副部長である藍の卒業を祝い、温泉旅行へと向かったオカルト研の面々。ところが、道中、猛吹雪にあってしまい、やむなく道中の秘境の宿へ向かうことに。宿の雰囲気は最高だが、「霊が視える」体質である森司は、粗末な服を着た子供の霊を目撃する。気にせず、こよみらとの旅を楽しもうと思う森司だったが、村は孤立してしまい……
シリーズ8作目にして、初の長編。
なんか、これまでの作品とちょっと雰囲気が違うかな? という感じ。勿論、それは、長編だから、というのもあるのだけど、これまでの作品は、基本、オカルト研に相談が持ち込まれ、それに首を突っ込んで……という話。しかし、本作は偶然、足を伸ばした村で、奇妙な出来事に遭遇する、という形で物語が始まる。
近くに霊が沢山いることはわかっている。また、村では奇妙な風習、因縁がある。しかし、あくまでも部外者だからと、ただ宿での時間を過ごすオカルト研の面々。しかし、村はどんどん孤立を深め、さらに、風習、因縁はますます混迷を極め、やがて、トラブルの種が増えていく……。そうなった結果……

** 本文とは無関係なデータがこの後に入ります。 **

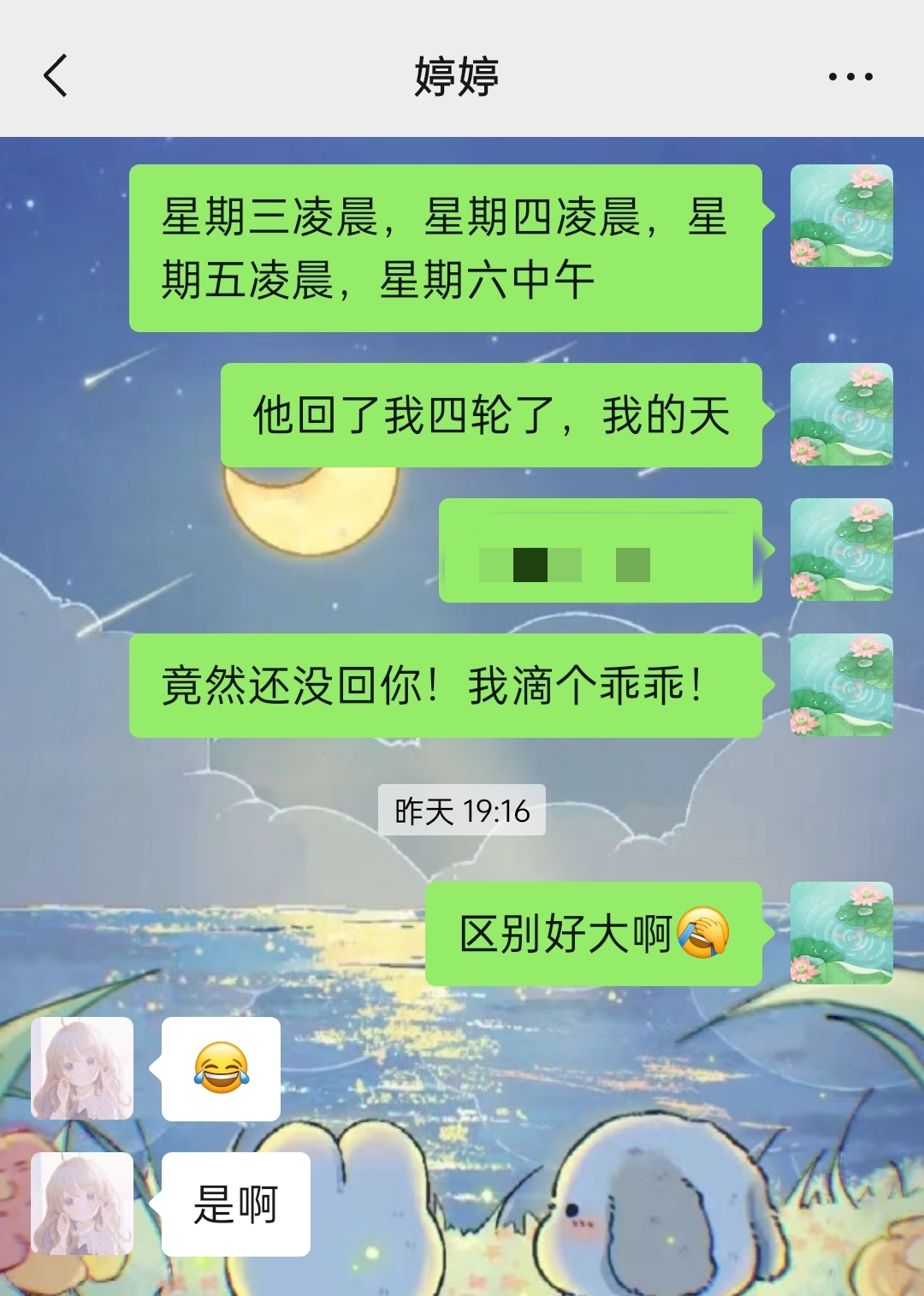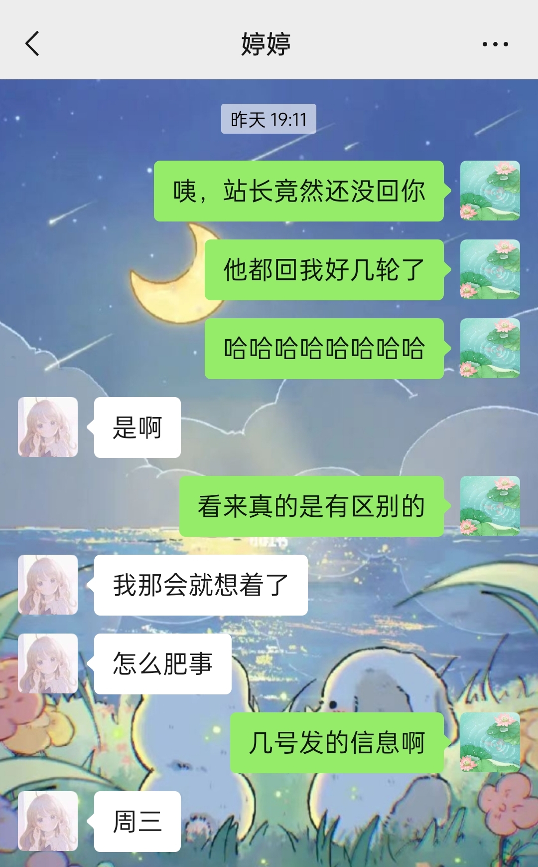 昨晚我问婷婷,站长还没回你信息嘛?他都回了我四轮了,竟然还没回你?

雰囲気としては、どちらかと言うと、横溝正史とか、そういう雰囲気。心霊現象とかが当然に起きている、という前提はあるけど、こじれにじれた村の発端はどこにあり、どうすれば良いのか? というところを探っていくのはミステリ作品のそれ。そして、ホラーというほどには、恐怖とか、そういうものを押し出した感じはなかった。いつものこと、と言えば、いつものことなのだけど、長編になり、より、そういう雰囲気を強く感じた。
ただ……正直、村の人間関係とか、そういうのがかなり複雑で、なおかつ、多くの人物に似たような境遇とかがあるので紛らわしい、と感じるところも多かったりする。これまでの短編では、登場人物も最小限に抑えられてきたのと対照的、というか……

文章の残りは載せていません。